2
votes

Basically i am trying to transfer data from postgres to redshift using aws datapipeline and the process i am following

  1. Write a pipeline(CopyActivity) that moves data from postgres to s3
  2. Write a pipeline(RedShiftCopyActivity) that moves data from s3 to redshift

So in my case both are working perfectly with the pipelines i wrote, but the problem is the data was duplicating in the Redshift database

For example below is the data from postgres database in a table called company

enter image description here

After the successful run of s3 to redshift(RedShiftCopyActivity) pipeline the data was copied but it was duplicated as below

enter image description here

below is the some of the definition part from RedShiftCopyActivity(S3 to Redshift) pipeline

  pipeline_definition = [{
      "id":"redshift_database_instance_output",
      "name":"redshift_database_instance_output",
      "fields":[
          {
          "key" : "database",
          "refValue" : "RedshiftDatabaseId_S34X5",
          },
          {
          "key" : "primaryKeys",
          "stringValue" : "id",
          },
          {
          "key" : "type",
          "stringValue" : "RedshiftDataNode",
          },
          {
          "key" : "tableName",
          "stringValue" : "company",
          },
          {
          "key" : "schedule",
          "refValue" : "DefaultScheduleTime",
          },
          {
          "key" : "schemaName",
          "stringValue" : RedShiftSchemaName,
          },
      ]
  },
  {
      "id":"CopyS3ToRedshift",
      "name":"CopyS3ToRedshift",
      "fields":[
          {
          "key" : "output",
          "refValue" : "redshift_database_instance_output",
          },
          {
          "key" : "input",
          "refValue" : "s3_input_data",
          },
          {
          "key" : "runsOn",
          "refValue" : "ResourceId_z9RNH",
          },
          {
          "key" : "type",
          "stringValue" : "RedshiftCopyActivity",
          },
          {
          "key" : "insertMode",
          "stringValue" : "KEEP_EXISTING",
          },
          {
          "key" : "schedule",
          "refValue" : "DefaultScheduleTime",
          },
      ]
  },]

So according to the docs of RedShitCopyActivity we need to use insertMode to describe how the data should behave(inserted/updated/deleted) when copying to database table as below

insertMode : Determines what AWS Data Pipeline does with pre-existing data in the target table that overlaps with rows in the data to be loaded. Valid values are KEEP_EXISTING, OVERWRITE_EXISTING, TRUNCATE and APPEND. KEEP_EXISTING adds new rows to the table, while leaving any existing rows unmodified. KEEP_EXISTING and OVERWRITE_EXISTING use the primary key, sort, and distribution keys to identify which incoming rows to match with existing rows, according to the information provided in Updating and inserting new data in the Amazon Redshift Database Developer Guide. TRUNCATE deletes all the data in the destination table before writing the new data. APPEND will add all records to the end of the Redshift table. APPEND does not require a primary, distribution key, or sort key so items that may be potential duplicates may be appended.

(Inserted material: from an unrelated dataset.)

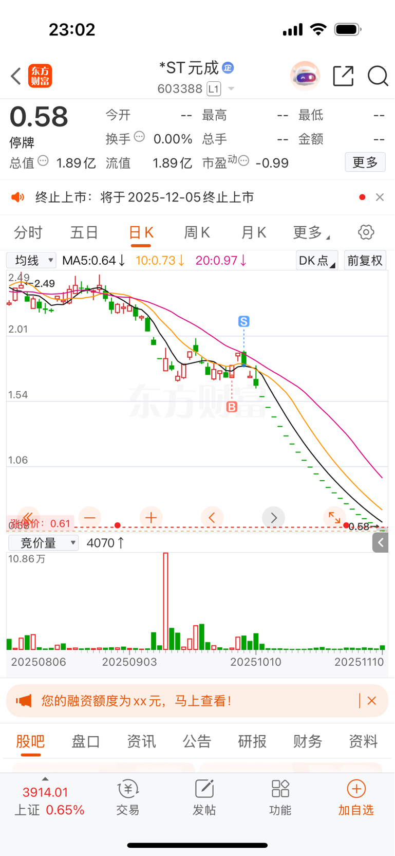 $*ST元成(SH603388)$ 很及时哦

So what my requirements are

  1. When copying from postgres (infact data is in s3 now) to Redshift database if it found already existing rows then just update it
  2. If it founds new records from s3 then create new records in Redshift

But for me even though i have used KEEP_EXISTING or OVERWRITE_EXISTING, the data was just repeating over and over again as shown in the above redshift database picture

So finally how to achieve my requirements ? are there still any tweaks or settings to add to my configuration ?

Edit

Table(company) definition from redshift

enter image description here

1
Can you provide your table definition in redshift?Maxime
@Maxime I have edited my question with table definition, please check above.Shiva Krishna Bavandla
Since you have a primary key defined, try getting rid of "key":"primaryKeys","stringValue" : "id". Also, what are the permissions of the user running the copy activity? Can it create temporary tables?Maxime
@Maxime Ok so do you want me to remove "key":"primaryKeys","stringValue" : "id". from the pipeline definition ? and yeah it can create the temporary tables too, so can i know what needs to be done now ?Shiva Krishna Bavandla
Well I don't know for sure what needs to be done, I'm just suggesting what you can try, as it's always been working for me and I never faced any issue. Removing the primaryKeys from the pipeline definition might help.Maxime

1 Answers

1
votes

If you want to avoid duplication , you must define Primary key in redshift and also set myInsertMode as "OVERWRITE_EXISTING" .